*Exercise requirements*.
Leave the pictures out and print, word for word, the lines below from the one with "TUMAMA Baby Bath" through the final line.

*Available data*.
──────────────────────────────

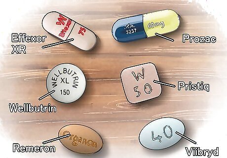 Try additional antidepressants. Another antidepressant group is SNRIs, which work by increasing the amount of serotonin and norepinephrine available in the brain. This group includes medications such as Effexor XR, Cymbalta, and Pristiq. NDRI is another option. It affects the levels of norepinephrine and dopamine in the brain. It includes a medication called Wellbutrin. You can also take atypical antidepressants, named so because they does not fit neatly into other categories of antidepressants. This category of antidepressants include Remeron and Viibryd.
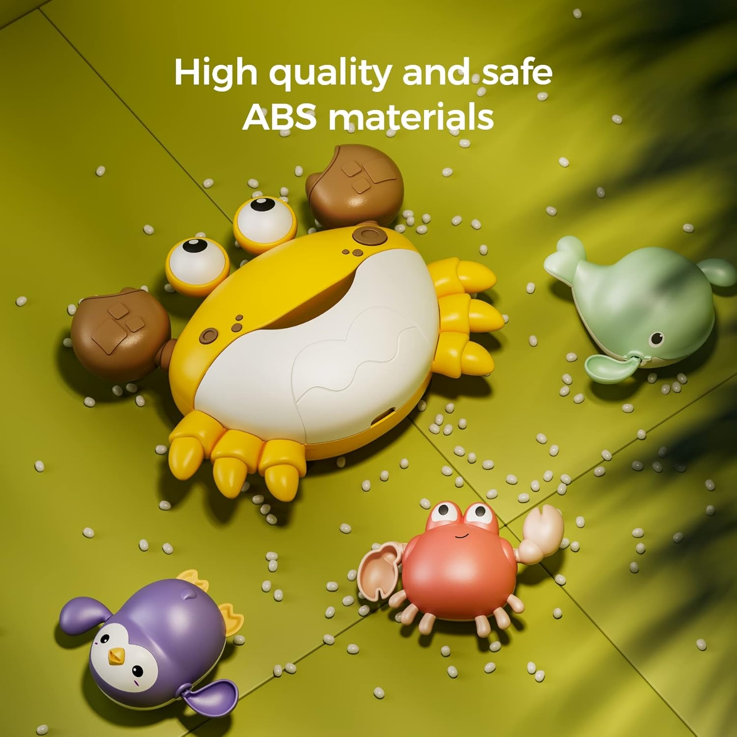 TUMAMA Baby Bath Toy,Bath Bubble Maker Machine with Music,3 Wind-Up Bathtub Toys,Crab Shower Water Toy for Toddlers Kids Boys Grils,4 Pieces
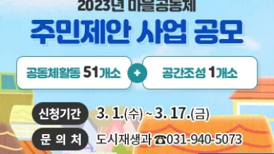 파주시 마을공동체 주민제안 사업 공모...3월 17일까지 - 공동체활동 분야 51개소, 공간조성 분야 1개소 지원 파주시(시장 김경일)는 3월 17일까지 2023년 마을공동체 주민제안 사업에 대한 공모를 실시한다. &n...
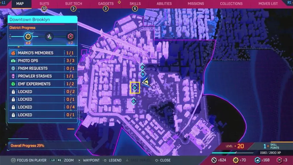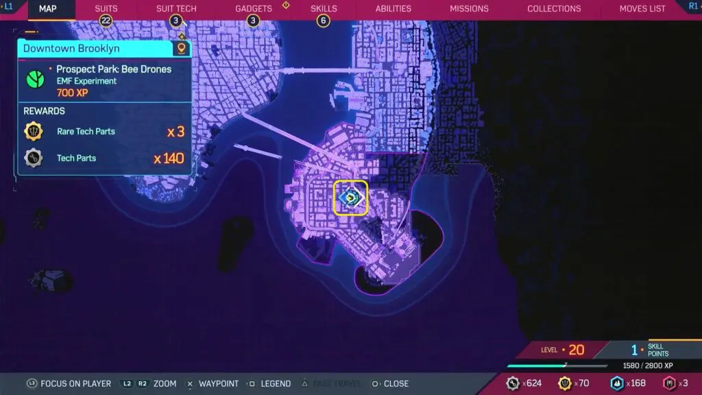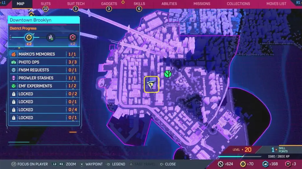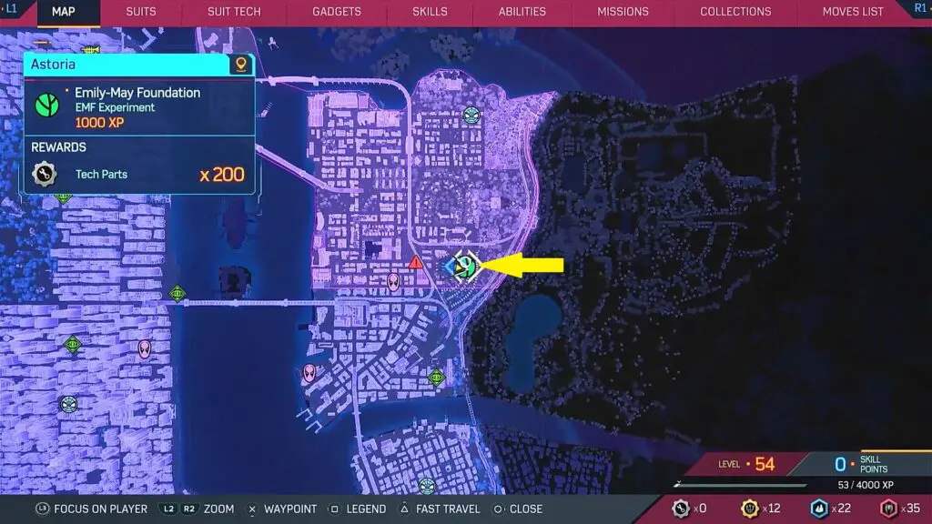 This guide shows the location of all EMF Experiments and how to complete them in the Spiderman 2 game, which released on 20 October 2023. They can be completed only by playing as Peter. It first unlocks after Mission 7: Healing the World. If the experiment is not available in your game, that means you need to progress further in the main story. Completing all EMF Experiments unlocks the Foundational trophy and Life Story suit.

──────────────────────────────

*Worked solution*.
 TUMAMA Baby Bath Toy,Bath Bubble Maker Machine with Music,3 Wind-Up Bathtub Toys,Crab Shower Water Toy for Toddlers Kids Boys Grils,4 Pieces
 파주시 마을공동체 주민제안 사업 공모...3월 17일까지 - 공동체활동 분야 51개소, 공간조성 분야 1개소 지원 파주시(시장 김경일)는 3월 17일까지 2023년 마을공동체 주민제안 사업에 대한 공모를 실시한다. &n...
 This guide shows the location of all EMF Experiments and how to complete them in the Spiderman 2 game, which released on 20 October 2023. They can be completed only by playing as Peter. It first unlocks after Mission 7: Healing the World. If the experiment is not available in your game, that means you need to progress further in the main story. Completing all EMF Experiments unlocks the Foundational trophy and Life Story suit.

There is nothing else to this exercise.